Department of Computer Science and Engineering, Manipal Institute of Technology, MAHE, Manipal, India.
Expert Opin Drug Discov. 2022 Oct;17(10):1071-1079. doi: 10.1080/17460441.2023.2134340. Epub 2022 Oct 17.
Deep learning approaches have become popular in recent years in de novo drug design. Generative models for molecule generation and optimization have shown promising results. Molecules trained on different chemical data could regenerate molecules that were similar to the query molecule, thus supporting lead optimization. Recurrent neural network-based generative models have demonstrated application in low-data drug discovery, fragment-based drug design and in lead optimization.
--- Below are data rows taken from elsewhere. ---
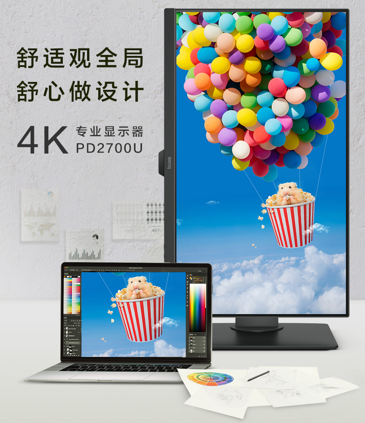 明基PD2700U 是一款兼具智慧调光技术与爱眼技术、主打专业设计的显示器。它使用27英寸的 IPS面板,最大分辨率为3840x2160(4K),响应时间 5ms,它覆盖了99%的sRGB高色域的同时有着出厂校色作保障,带回家时色彩就是准的,拆封即用省去校色烦恼。此外10-bit的色深(10.7亿色彩)和对HDR的支持也为您的设计保驾护航。色彩层次丰富,画面清晰没有颗粒感,相比普通的27英寸4K的屏幕来说,PD2700U定位更专业,能够满足专业性非常强的设计需要。
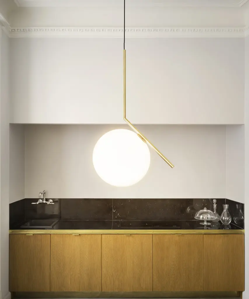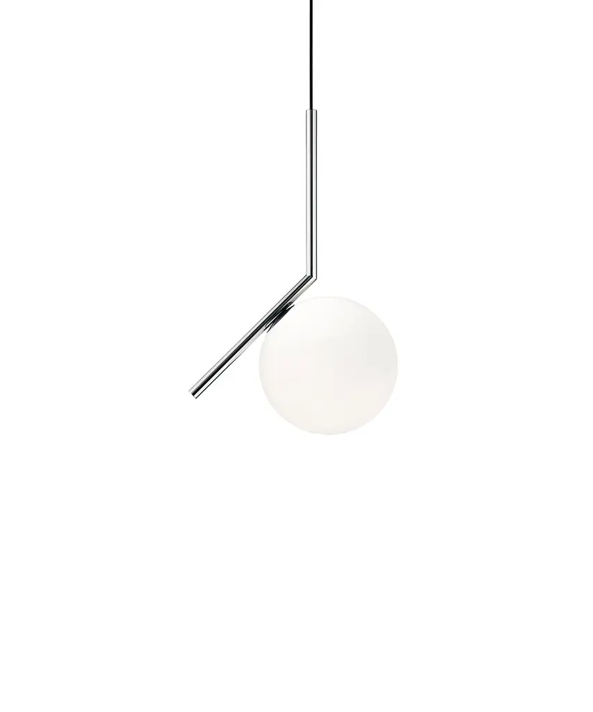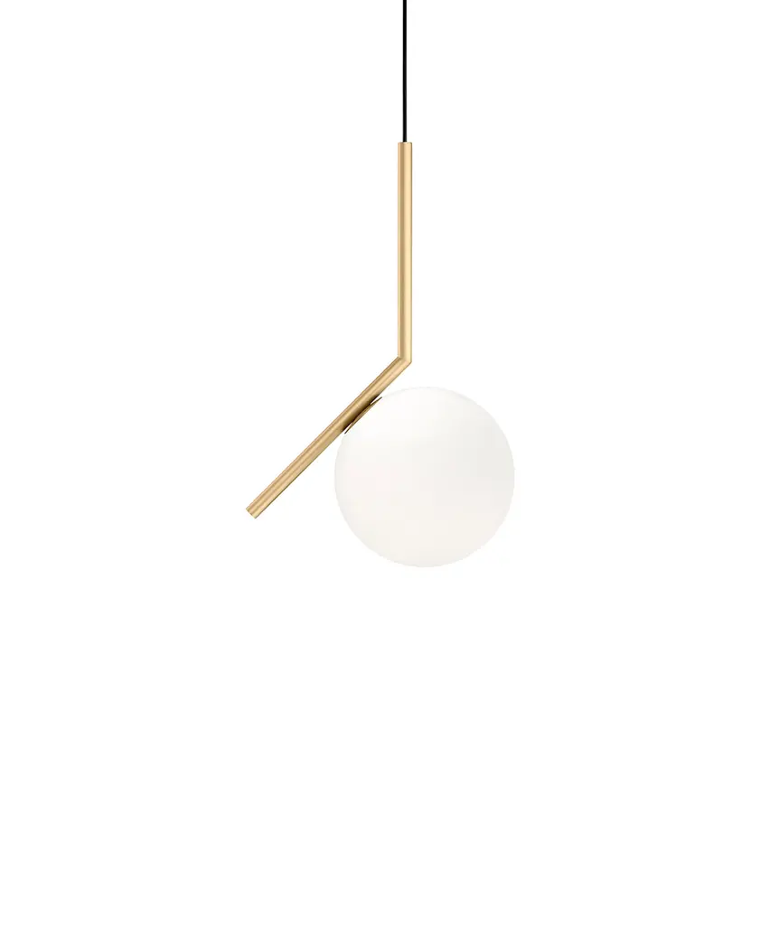 Like the other pieces in the IC Light Series, the IC Lights S balances designer Michael Anastassiades' love of industrial simplicity with intricate symbolism. Providing diffused light through an opal-blown glass diffuser, this pendant light is framed in brass-finished steel. The inspiration behind the design: Poise is powerful: That's the message Michael Anastassiades offers with his IC Light Series. From the skillful balance of the sphere and baton that invokes thoughts of a dexterous juggler's act to the lamp's name-IC, a reference to the identity code used to evaluate immigrants entering the UK-the designer makes a commanding statement. This authentic design is produced in Italy exclusively by Flos.
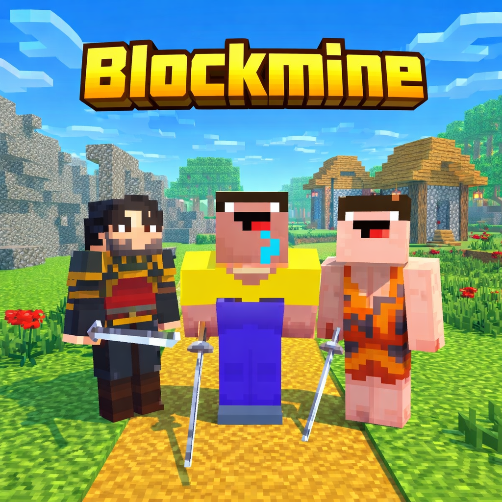 Blockmine Online is a multiplayer block-world action game that blends classic sandbox visuals with fast-paced combat. Explore a vibrant, living world with dynamic day–night cycles while battling players, fighting mobs, and upgrading your character.

In this review, we have provided an overview of recurrent neural network models and their variants for molecule generation with recent examples. The input representation of molecules as SMILES and molecular graphs have been discussed. The evaluation benchmarks and metrics used in generative neural network models are also highlighted. For this, ScienceDirect, Web of Science, and Google Scholar databases were searched with the article's keywords and their combinations to retrieve the most relevant and up-to-date information.
The simplicity of SMILES notation makes it suitable for training a sequence-based model such as a recurrent neural network. However, models that could be trained on molecular graphs to generate molecular structures which could be synthesized could open new possibility for valid molecule generation and synthetic feasibility.
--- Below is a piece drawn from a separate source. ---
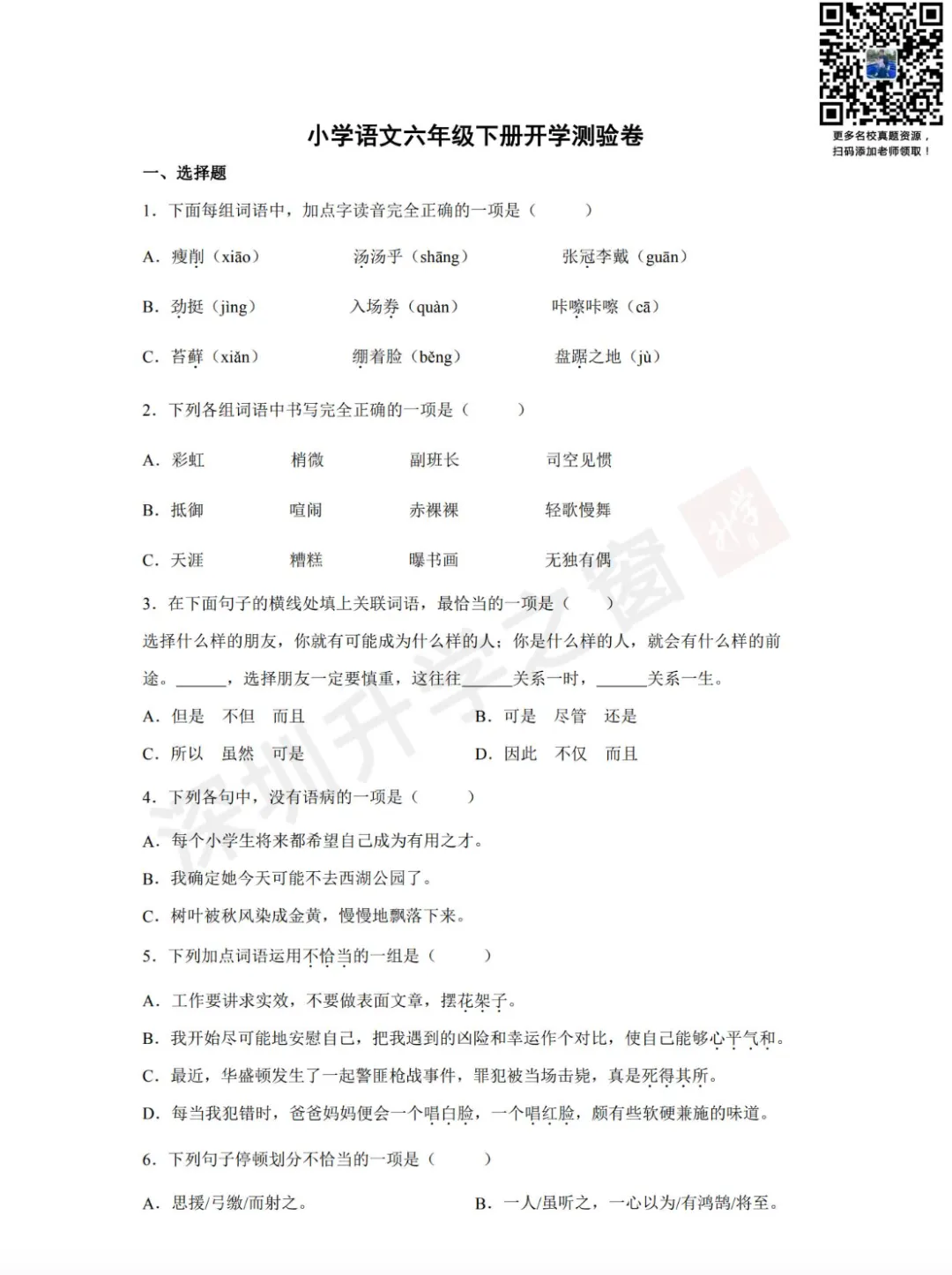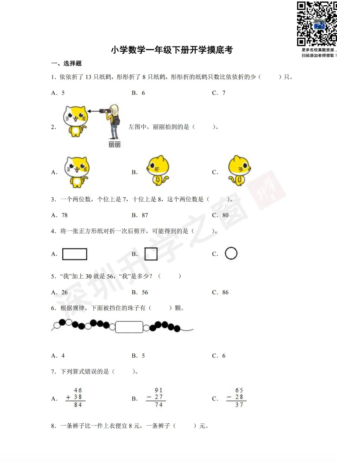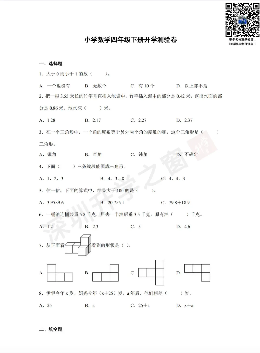 ②公众号对话框回复关键词【开学考】领取真题

近年来,深度学习方法在从头药物设计中变得流行。用于分子生成和优化的生成模型已经显示出有希望的结果。在不同化学数据上训练的分子可以重新生成与查询分子相似的分子,从而支持先导优化。基于递归神经网络的生成模型已经在数据量少的药物发现、基于片段的药物设计和先导优化中得到了应用。
在这篇综述中,我们提供了用于分子生成的递归神经网络模型及其变体的概述,并提供了最近的示例。讨论了将分子作为 SMILES 和分子图的输入表示。还强调了生成神经网 络模型中使用的评估基准和指标。为此,我们在 ScienceDirect、Web of Science 和 Google Scholar 数据库中使用文章的关键词及其组合进行了搜索,以检索最相关和最新的信息。
SMILES 符号的简单性使其适合于训练基于序列的模型,例如递归神经网络。然而,能够在分子图上进行训练以生成可合成的分子结构的模型可能为有效分子生成和合成可行性开辟新的可能性。